Die Kunst des internen Aufstiegs

Gestern Kollege, heute Chef

13.02.2011
Von Anja Dilk

Kumpel oder Überchef?

Viele schaffen das nicht. Personalprofi Rohmeier beobachtet zwei Extreme, wenn der Teamkollege zum Chef wird. Die einen bleiben Kumpel. Sie können sich kaum durchsetzen und nur schwer harte Entscheidungen treffen. Die anderen werden zum Überchef, der sich mit allen Mitteln Autorität verschaffen will. Wie jener IT-Consultant, der nach der Beförderung darauf beharrte, dass ihn die alten Kumpel siezen. Rohrmeier: "Beide Extreme gehen in der Regel schief."
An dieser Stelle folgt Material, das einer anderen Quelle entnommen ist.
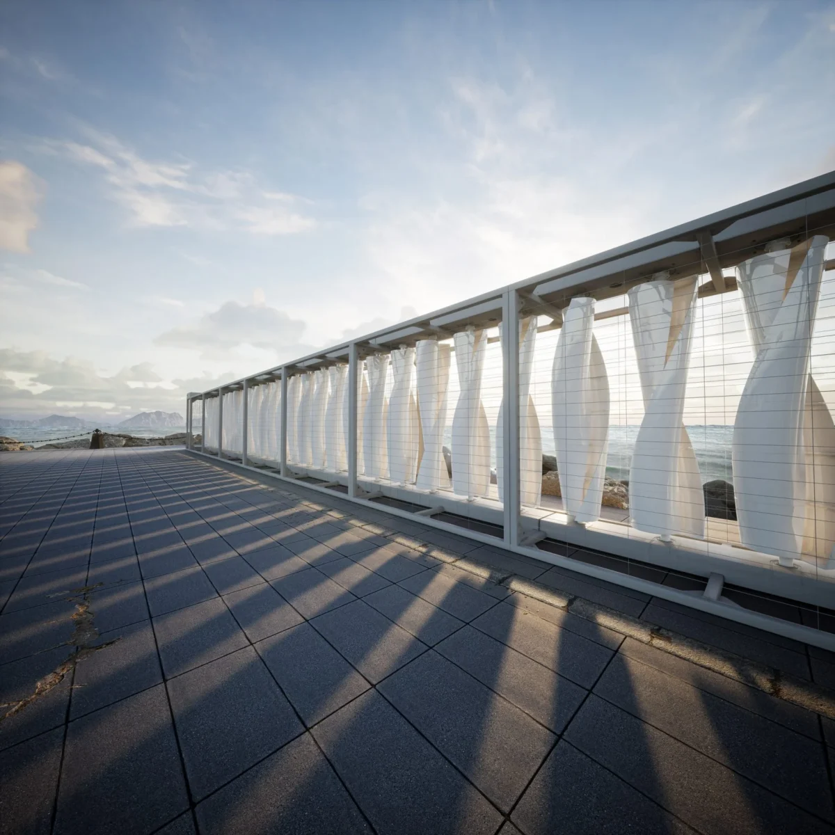 A Joe Doucet tervező által 2021-ben bemutatott koncepció, a szélturbinafal az elmúlt évek során valósággá vált, bár végül az eredetitől eltérő formában testesült meg, mivel a kiinduló elképzelés a gyakorlatban túlságosan radikálisnak bizonyult. A fal a tervek szerint egészen apró miniturbinákból állt volna, amelyek dísznek is beillő látványa fontos szerepet játszott volna a berendezés kialakítása szempontjából, mivel a falat nem csak energiatermelési eszköznek, hanem műalkotásnak is szánta a tervezője.

Astrid Schreyögg: "Die Aufsteiger müssen innerlich Abschied nehmen von ihrer alten Position."
Astrid Schreyögg: "Die Aufsteiger müssen innerlich Abschied nehmen von ihrer alten Position."
Foto: Astrid Schreyögg

Coaching-Expertin Astrid Schreyögg erlebt in ihren Trainings immer wieder, wie schwer es Aufsteigern fällt, sich in der neuen Rolle zurechtzufinden, selbst wenn der Aufstieg aus den eigenen Reihen das übliche Karrieremodell in der Firma ist. Ihr Rat: "Die Aufsteiger müssen erstmal selbst den Rollenwechsel vollziehen, indem sie innerlich Abschied von ihrer alten Position nehmen. Nur dann können sie der Gefahr widerstehen, in die alten Verhaltensmuster zurückzufallen, die nicht zur neuen Rolle und den neuen Aufgaben passen. Ein Techniker etwa, der zum Chef befördert wird, sollte die technischen Probleme nicht mehr selbst lösen, sondern andere zur Lösung dieser Probleme anleiten.

Schreyögg, Autorin des Buches "Coaching für die neu ernannte Führungskraft" rät, sich ganz ausdrücklich "von der nächsten Führungsebene inthronisieren zu lassen": Ihre Tipp an den Aufsteiger: "Der Rollenwechsel muss optisch und gefühlsmäßig deutlich werden." Sie liefert auch gleich die Begründung dazu: "Der neue Chef muss sich über zwei Dinge im Klaren sein: Ich bin nicht mehr in der warmen Badewanne des Teams und muss ein gewisses Maß an Einsamkeit aushalten, selbst wenn mich das Team immer wieder in diese Wanne zurückholen will. Damit zweitens die Mitarbeiter begreifen: Der alte Kollege ist jetzt Chef - und damit legitimiert, von uns Leistung zu verlangen."

Leicht ist das im Alltag nicht. Aufsteiger und Exkollegen verheddern sich in einem Gewirr von Missverständnissen. Wenn der neue Chef vor abendlichen Treffen plötzlich zurückschreckt, munkeln schnell die Mitarbeiter: "Typisch, früher war Guido mit uns bis in die Puppen Skat spielen, jetzt ist er sich dafür zu schade". Dabei würde der Chef gerne weiter mit ihnen Skat spielen, ist aber unsicher, ob er das als Chef noch kann. Wer hin- und hergerissen herumdruckst, mal tagsüber die Zügel anzieht, mal abends beim Bier die Kollegen umarmt, manövriert sich schnell in Schwierigkeiten. "Die Mitarbeiter können das Verhalten nicht klar entschlüsseln und bewerten", so Torsten Groth, Management-Forscher und Berater am Management Zentrum Witten (MZW) in Berlin.